Start of INPUT RECORDS
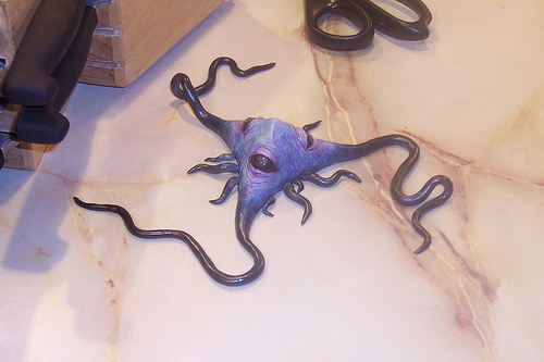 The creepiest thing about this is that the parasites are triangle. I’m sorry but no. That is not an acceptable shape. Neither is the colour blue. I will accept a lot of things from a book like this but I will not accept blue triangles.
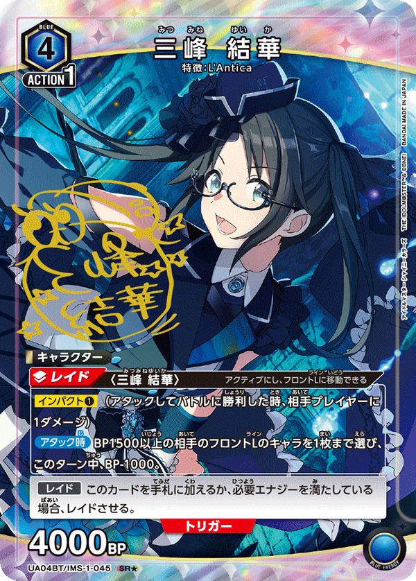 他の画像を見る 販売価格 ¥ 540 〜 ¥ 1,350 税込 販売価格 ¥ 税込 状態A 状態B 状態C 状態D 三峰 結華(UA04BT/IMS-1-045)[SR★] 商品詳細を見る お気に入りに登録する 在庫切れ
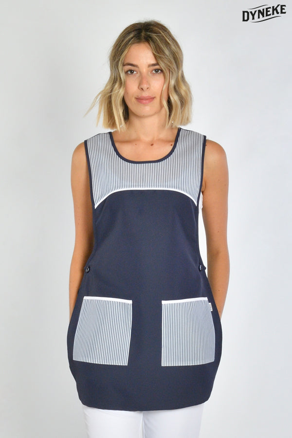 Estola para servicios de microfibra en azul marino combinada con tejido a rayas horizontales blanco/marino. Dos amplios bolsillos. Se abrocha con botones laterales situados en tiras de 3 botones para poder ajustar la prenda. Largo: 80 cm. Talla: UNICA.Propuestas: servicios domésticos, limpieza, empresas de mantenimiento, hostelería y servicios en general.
End of INPUT RECORDS
Start of INPUT RECORDS
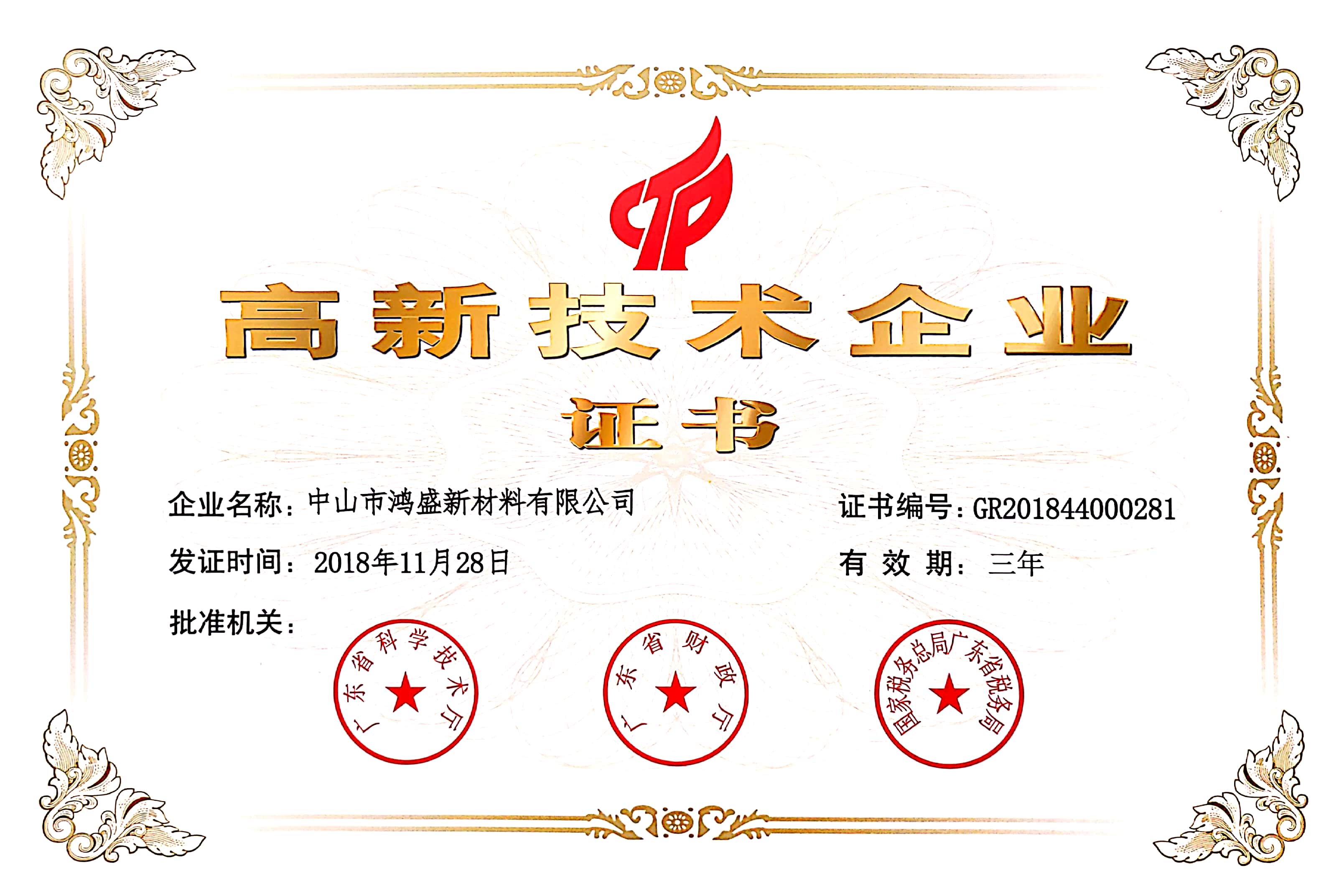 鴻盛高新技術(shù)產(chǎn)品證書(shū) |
End of INPUT RECORDS
Although the records above contain pictures, the copy should not; retype exactly the lines from the one containing "他の画像を見る 販売価格 ¥" through the one containing "Estola para servicios".

 他の画像を見る 販売価格 ¥ 540 〜 ¥ 1,350 税込 販売価格 ¥ 税込 状態A 状態B 状態C 状態D 三峰 結華(UA04BT/IMS-1-045)[SR★] 商品詳細を見る お気に入りに登録する 在庫切れ
 Estola para servicios de microfibra en azul marino combinada con tejido a rayas horizontales blanco/marino. Dos amplios bolsillos. Se abrocha con botones laterales situados en tiras de 3 botones para poder ajustar la prenda. Largo: 80 cm. Talla: UNICA.Propuestas: servicios domésticos, limpieza, empresas de mantenimiento, hostelería y servicios en general.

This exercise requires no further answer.